Muhalefetin son günlerdeki saldırgan tavrına dikkat ediyor musunuz? Kantarın topuzunu iyice kaçırdılar. Saçma sapan matematik hesaplamalarına gülüp geçiyorduk ama işi darbe imalarına kadar getirdiler. İnsanın cinleri tepesine çıkıyor. Nasıl bir cüret... Ne biçim bir utanmazlık...
Siyaset yapan insanların darbe iması yapabiliyor olmasını aklım almıyor. Ama CHP'nin darbelerle olan kadim ilişkisini hepimiz biliyoruz. Çok da şaşırmamak lazım. Kendi söylemlerine onlar yakıştırdıktan sonra edecek fazla laf yok.

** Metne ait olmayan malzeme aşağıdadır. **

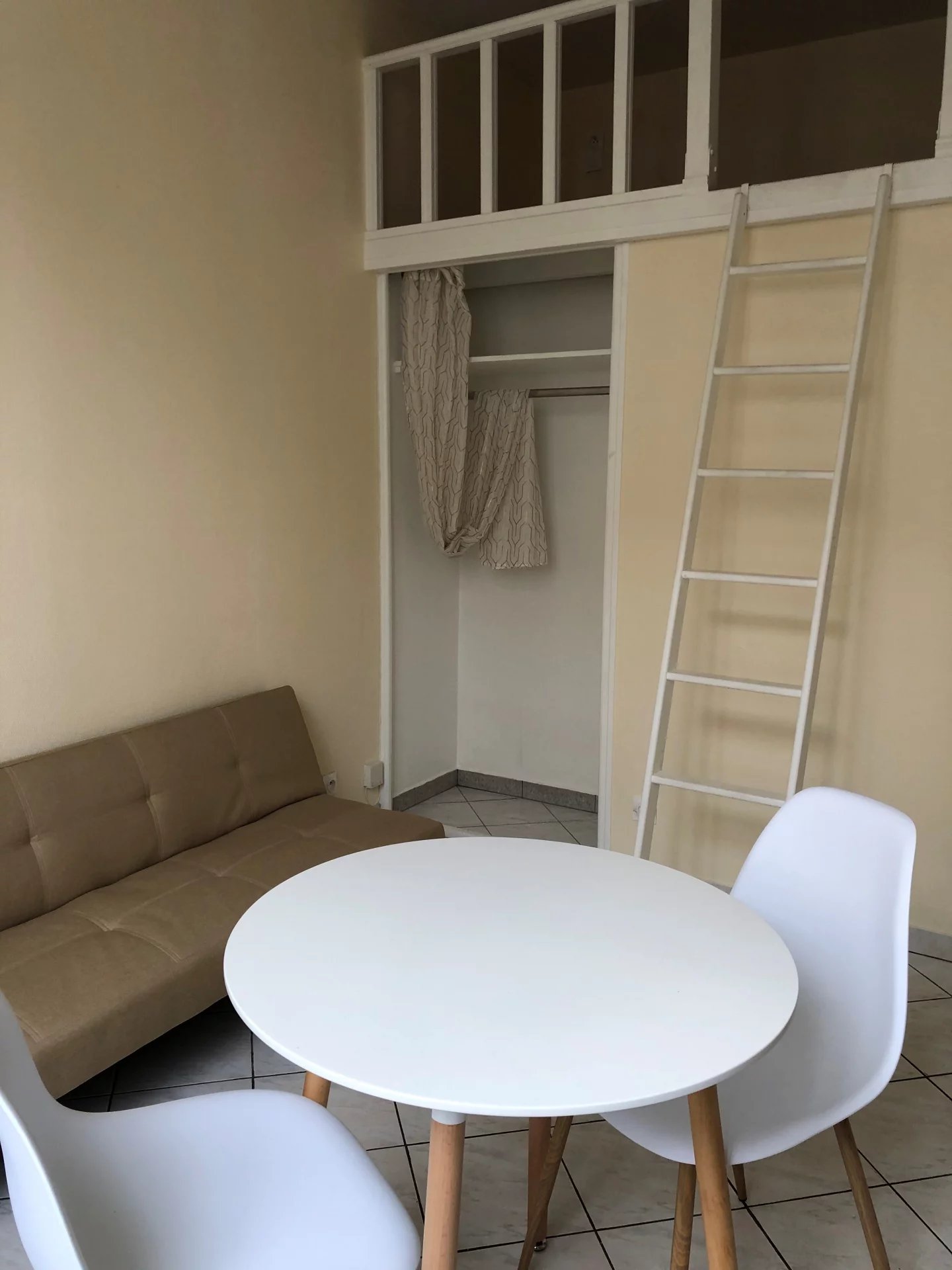 M° PIERRE ET MARIE CURIE - IVRY SUR SEINE, 2 pièces meublé au rez-de-chaussée sur rue comprenant entrée, séjour avec kitchenette équipée et mezzanine, chambre avec mezzanine, buanderie, salle d'eau avec w-c douche à l'italienne. Idéal étudiant ou pied à terre.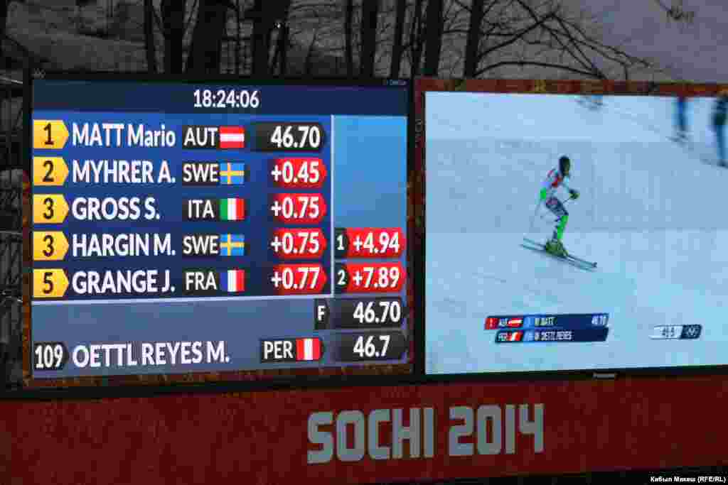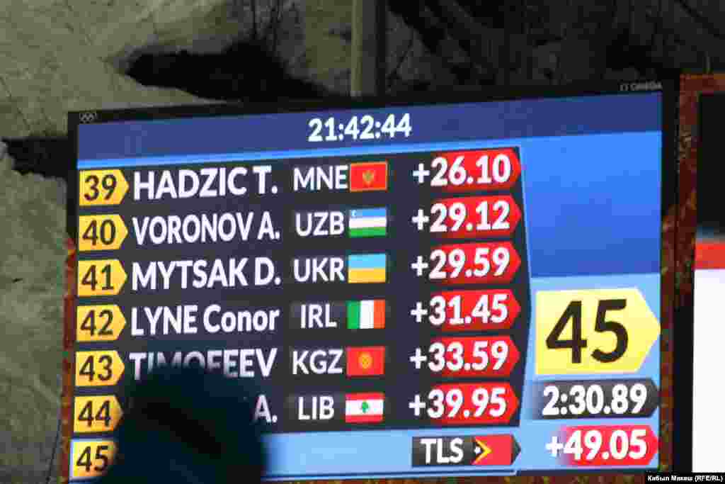 19 жана 22-февралда тоо лыжасынын гигант-слалом жана слалом түрлөрү боюнча мелдешке кыргызстандык Евгений Тимофеев катышты. Мелдеш Сочи шаарынан 60 км. алыстагы "Роза Хутор" тоо лыжа базасында өттү. Мында дүйнө жүзүнөн тандалган 117 спортчу катышып, Тимофеев марага 41-болуп келди.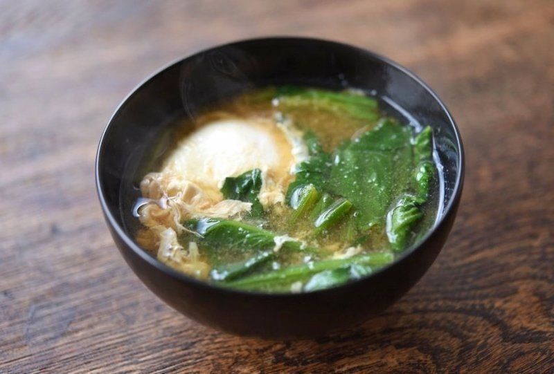 ほうれん草をたっぷり手軽に食べたいときは、だしとみその風味豊かなおみそ汁にしましょう。ほうれん草と相性抜群の卵と組み合わせることで、ほうれん草を別ゆでしなくても、まろやかで飲みやすく仕上がりますよ。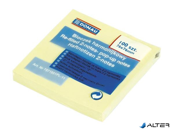 Öntapadó jegyzettömb, "Z", 76x76 mm, 100 lap, DONAU, sárga
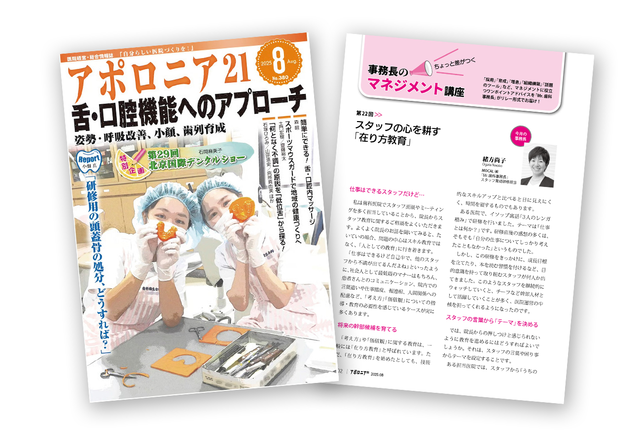 スタッフの言葉からテーマを見つけ、研修や日々の業務の中で自然に意識を変え、将来の幹部候補へと成長させる具体的なヒントを紹介しておりますので、日頃スタッフ教育に悩んでいる院長先生は是非、ご一読ください。

Ancak CHP'nin dozajı neden bu kadar yükselttiğine bakabiliriz. Demokrasicilik oyunu neden tek başına CHP'yi kesmez oldu? Öfke veya taktik nedenlerle olabilir ama her ikisi de hükümetin son dönemdeki performansıyla ciddi ilişkili. Ya hükümetin kriz yönetim becerisi bunları çılgına çeviriyor ve kendilerini tutamıyorlar ya da bir taktik çerçevesinde gündemi değiştirip hükümetin salgını yönetme becerisini gölgelemek istiyorlar.

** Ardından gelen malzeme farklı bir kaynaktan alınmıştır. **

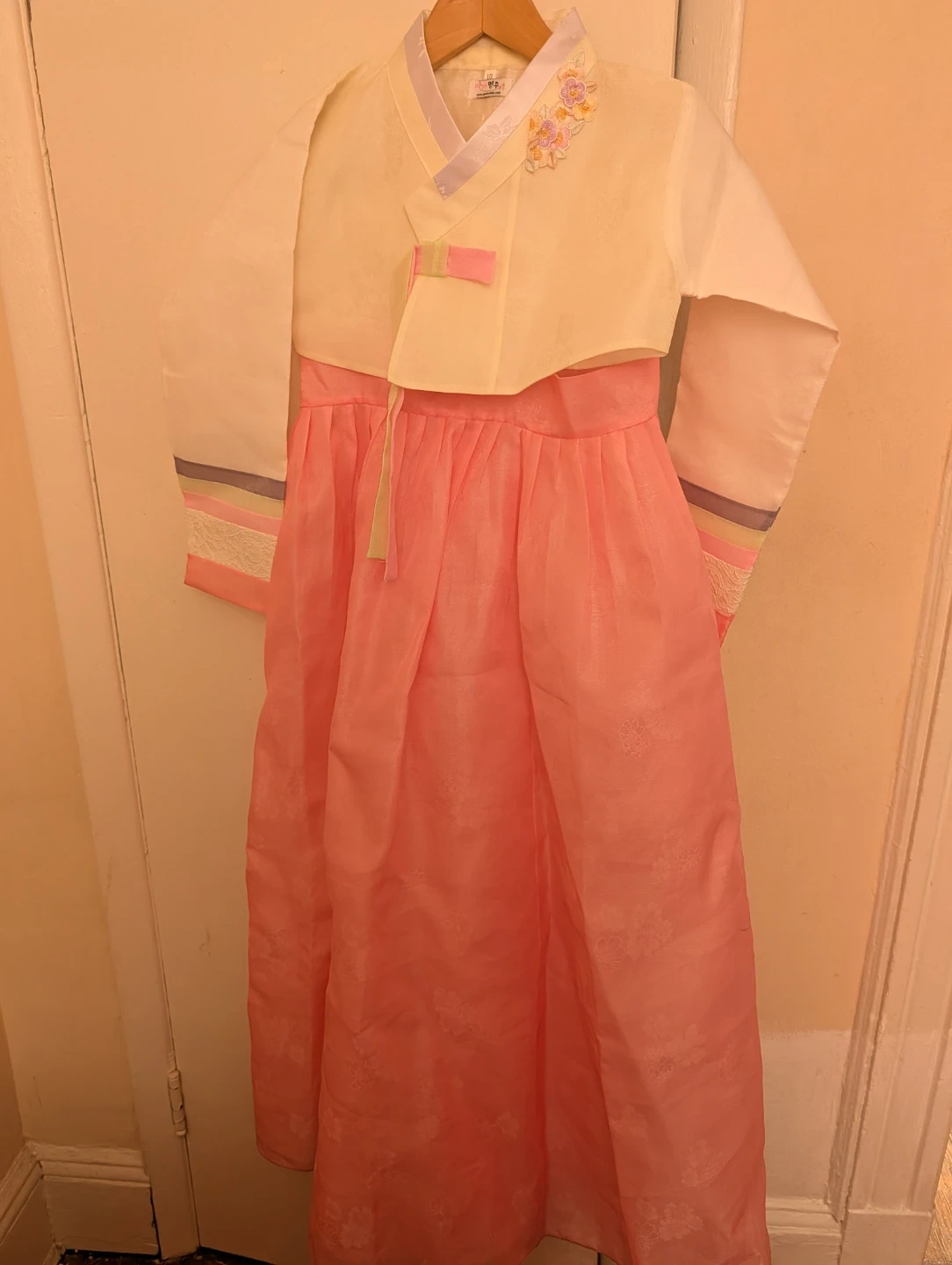 This is a beautiful children's hanbok. It features a pale yellow jeogori top with delicate floral embroidery and a vibrant pink chima skirt. The sleeves have colorful ribbon accents. Size 10.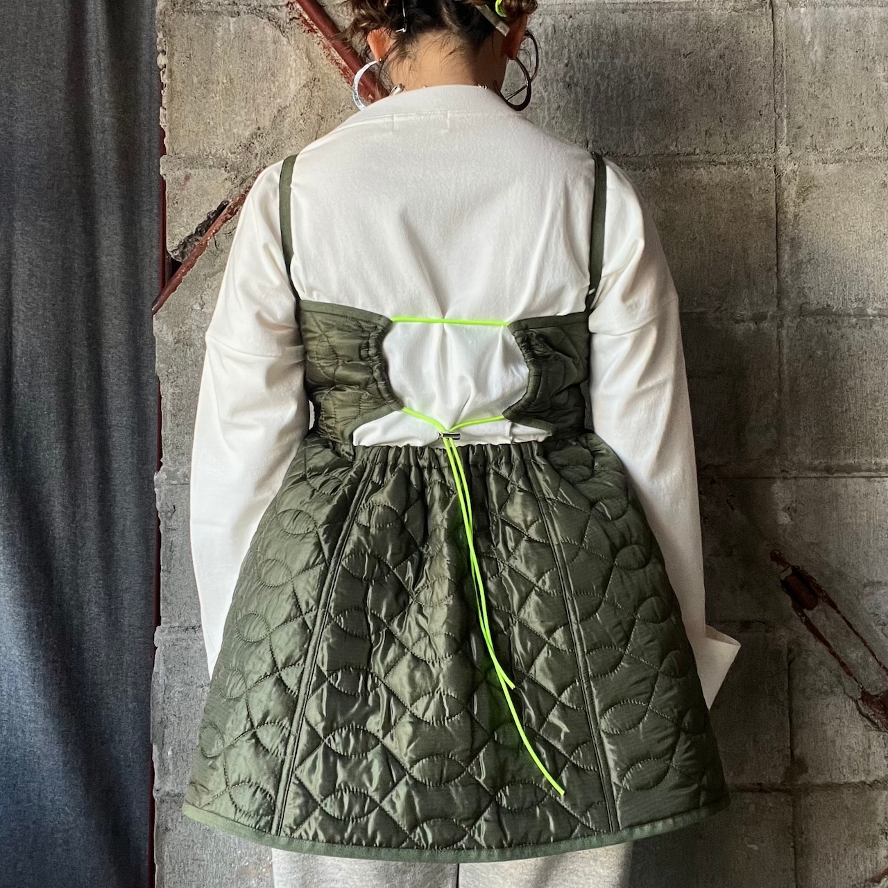 Aラインシルエット+胸元ギャザーの女性らしいデザインに、蛍光カラーのドローコードがポイント。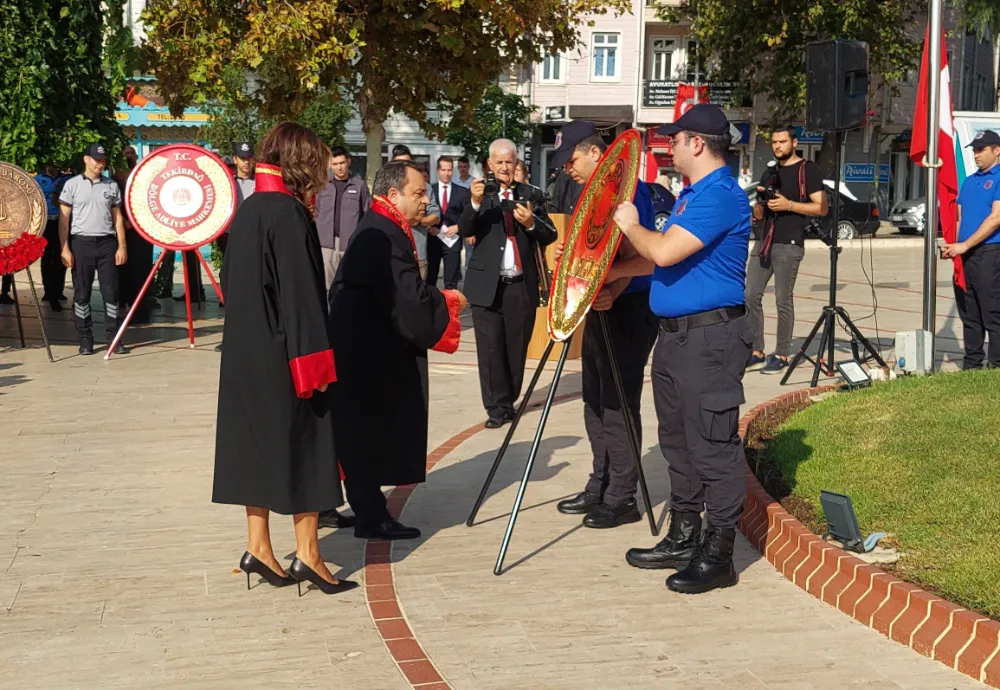 Törende, Tekirdağ Cumhuriyet Başsavcısı Erdal Şenol, Bölge Adliye Mahkemesi Başsavcısı Ünal Bingül ve Tekirdağ Baro Başkanı Egemen Gürcün tarafından Atatürk Anıtı’na çelenk sunuldu. Saygı duruşu ve İstiklal Marşı’nın okunmasının ardından Baro Başkanı Egemen Gürcün, adli yılın vatana ve millete hayırlı olmasını diledi.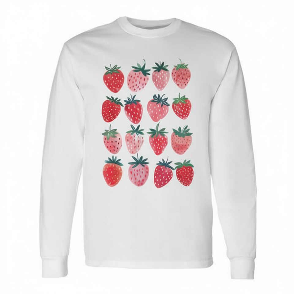 T-shirt rétro à manches longues avec motif de fruits rouges et de fraises, style Cottagecore

Korona salgını çerçevesinde tüm dünyadaki hükümetlerin zor günler yaşayacağını hepimiz bekliyorduk. Muhalefet de umudunu salgına bağlamıştı. Bu nedenledir "ölüm sayılarını hükümet gizliyor" diye kara propaganda yapmaları. "Daha çok insan öldü" demek için fırsat aradılar. Aralarında "niye daha çok insan ölmedi" diye üzülenlerin olduğuna da zırnık kadar şüphem yok.

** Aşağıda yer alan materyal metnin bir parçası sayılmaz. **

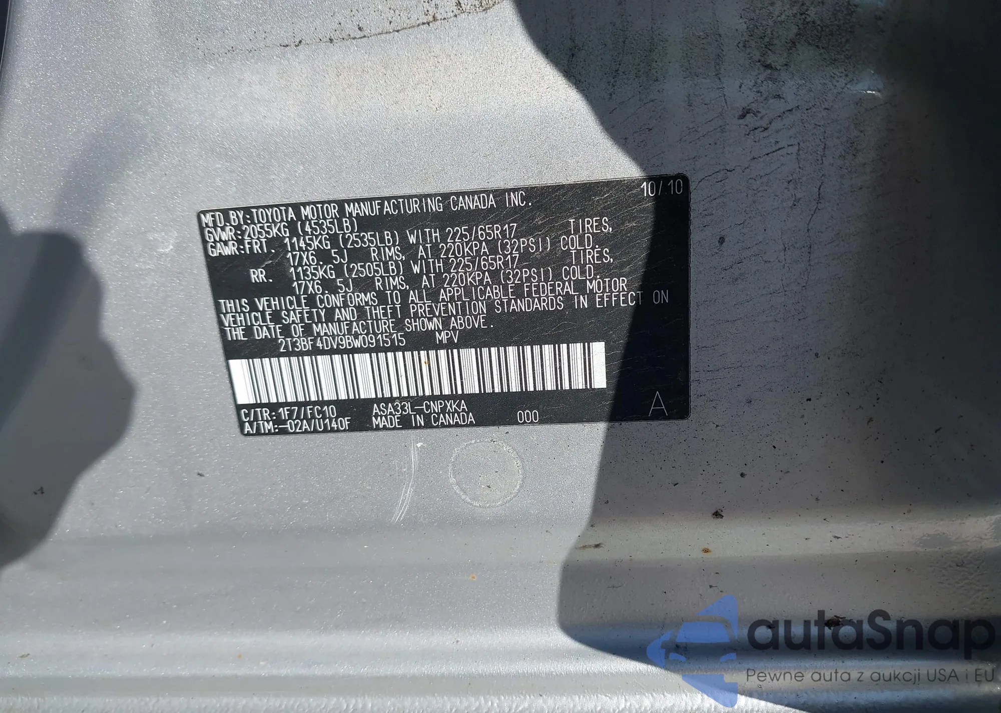 • VIN 2T3BF4DV9BW091515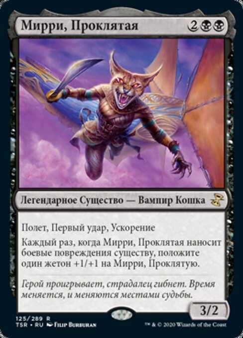 | Card Text | Flying, first strike, haste Whenever Mirri the Cursed deals combat damage to a creature, put a +1/+1 counter on Mirri the Cursed. |

Hükümetin ve özellikle sağlık sektörünün tıkır tıkır işlemesi bu ülkede hiçbir duygu yaratmadıysa yeniden bir güven tazelenmesine neden oldu. AK Parti iktidarlarının sağlık alanına yaptığı yatırımın boşa gitmediği görüldü. Şehir hastanelerine karşı yapılan kara propaganda çöktü. Bu tür krizleri idare etmede Erdoğan liderliğinin önemi yine ortaya çıktı. AK Parti hükümetlerinin icracı yönünün ne kadar güçlü olduğu bu sefer de Fahrettin Koca örneğinde görüldü.
Ne zaman iş algılardan gerçeklere, dedikodudan icraata dönerse muhalefet kaybediyor. Bu nedenle muhalefet icraatların değil saçma sapan gündemlerin konuşulmasını istiyor. Bu sefer eli de en yüksekten açtılar. Darbe imasıyla başladılar. Yeter ki, gündem karışsın. Yeter ki havanda su dövelim.
Bunlara cevap vermek bile bu oyunun içine sürüklenmek gibi geliyor bana. Algıları, karşı anlatılarla bozmaya çalışmanın bir anlamı yok. O zaman gürültü dışında bir sonuç çıkmıyor. Halbuki gerçekler yeterince ikna edicidir. Algının karşısına gerçekleri koyduğunuzda sis perdesi dağılır. Hükümetin salgına karşı başarılı performansının algılara kurban edilebileceğini hiç sanmıyorum. Bırakınız saçmalamaya devam etsinler. Şamatayla iş yapmaya çalışanların foyası bir şekilde dökülür.